Could you print the listing again exactly, omitting the pictures?

*** Exercise data Section Begins ***

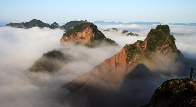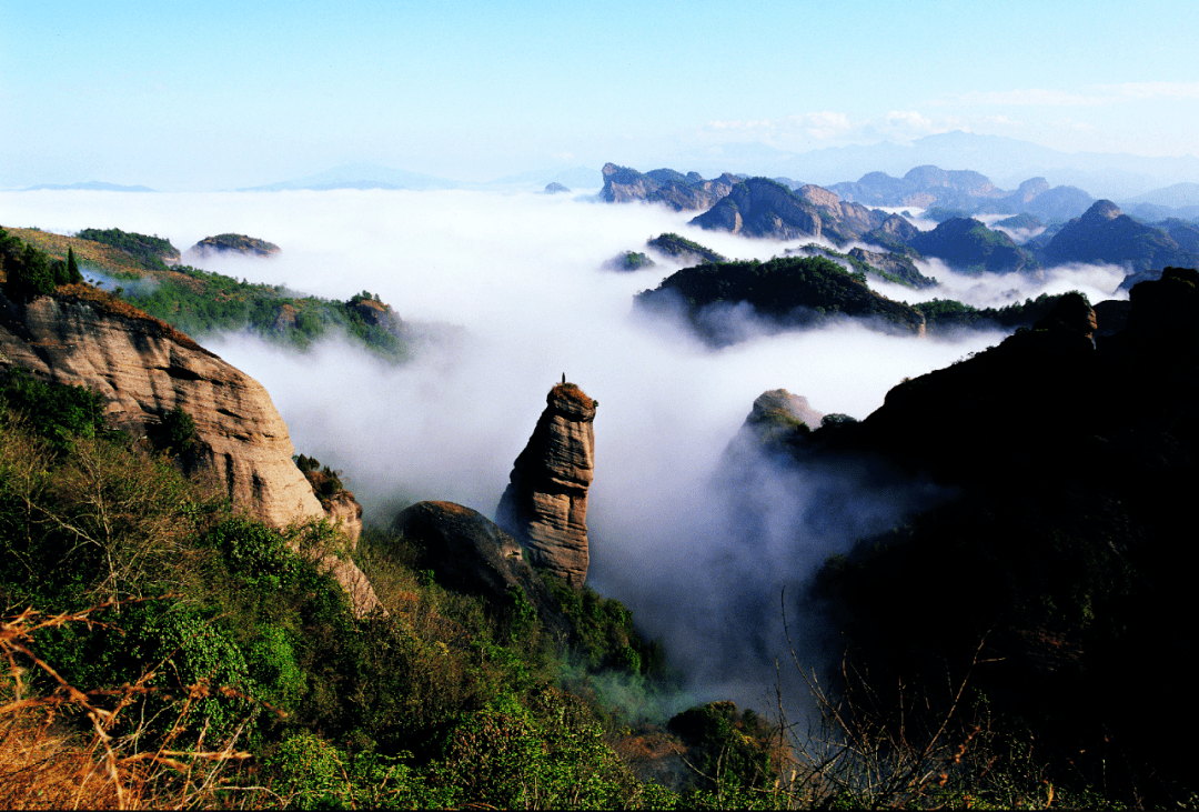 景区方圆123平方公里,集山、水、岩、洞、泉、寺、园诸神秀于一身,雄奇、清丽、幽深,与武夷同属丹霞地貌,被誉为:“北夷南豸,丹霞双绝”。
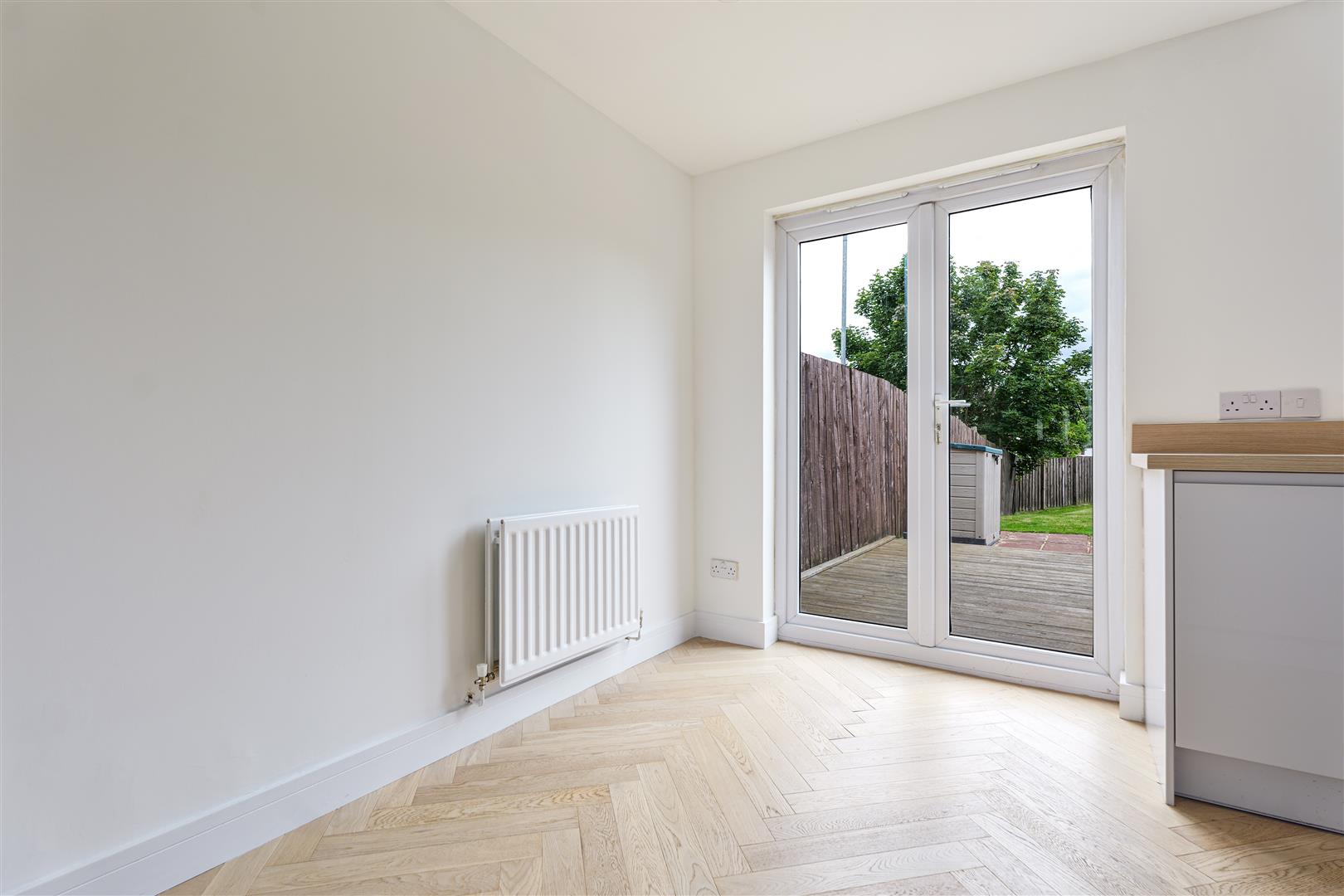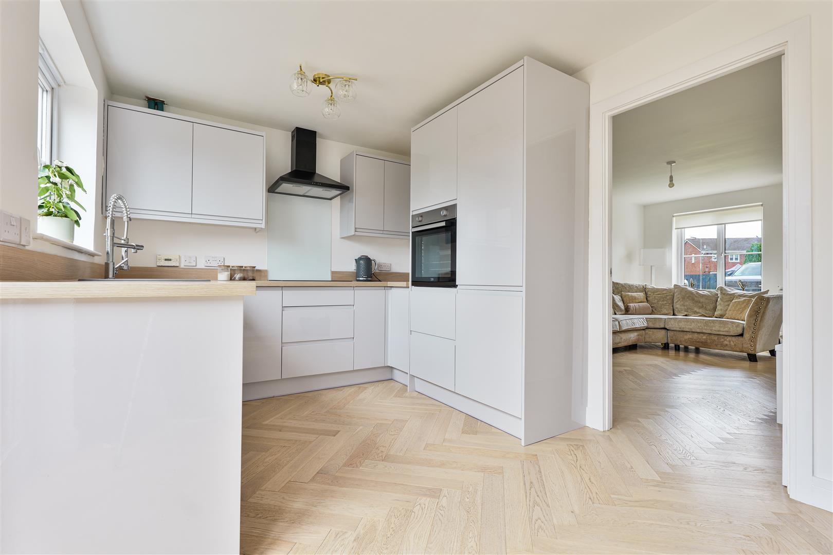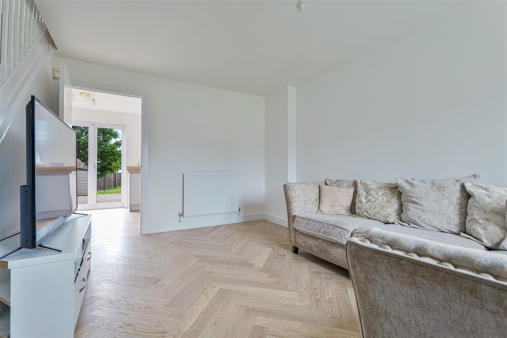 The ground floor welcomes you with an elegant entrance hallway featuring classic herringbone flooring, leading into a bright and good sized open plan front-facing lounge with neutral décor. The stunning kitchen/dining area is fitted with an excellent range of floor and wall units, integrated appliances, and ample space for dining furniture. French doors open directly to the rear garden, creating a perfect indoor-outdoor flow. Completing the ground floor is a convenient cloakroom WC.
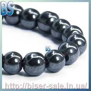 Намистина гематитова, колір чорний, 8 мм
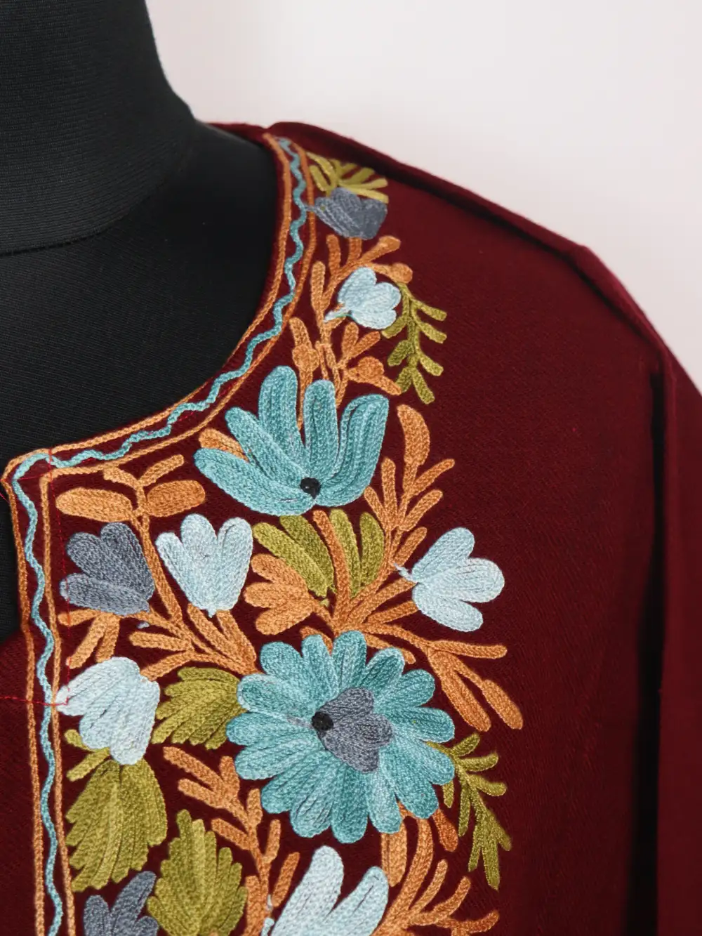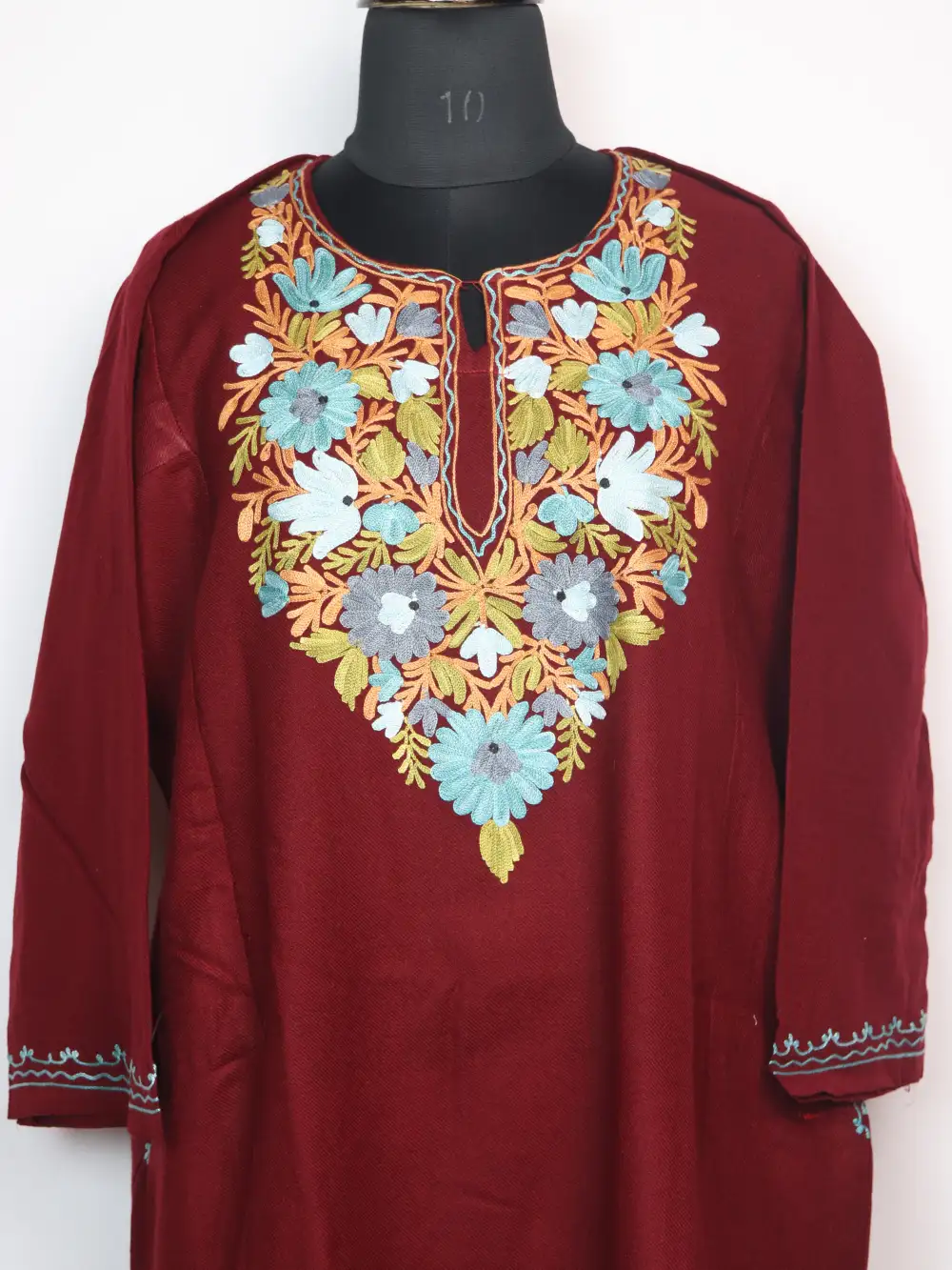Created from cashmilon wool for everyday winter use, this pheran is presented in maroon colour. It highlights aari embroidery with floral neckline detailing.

*** Exercise data Section Ends ***

◆ Response to this exercise ◆
 景区方圆123平方公里,集山、水、岩、洞、泉、寺、园诸神秀于一身,雄奇、清丽、幽深,与武夷同属丹霞地貌,被誉为:“北夷南豸,丹霞双绝”。
 The ground floor welcomes you with an elegant entrance hallway featuring classic herringbone flooring, leading into a bright and good sized open plan front-facing lounge with neutral décor. The stunning kitchen/dining area is fitted with an excellent range of floor and wall units, integrated appliances, and ample space for dining furniture. French doors open directly to the rear garden, creating a perfect indoor-outdoor flow. Completing the ground floor is a convenient cloakroom WC.
 Намистина гематитова, колір чорний, 8 мм
Created from cashmilon wool for everyday winter use, this pheran is presented in maroon colour. It highlights aari embroidery with floral neckline detailing.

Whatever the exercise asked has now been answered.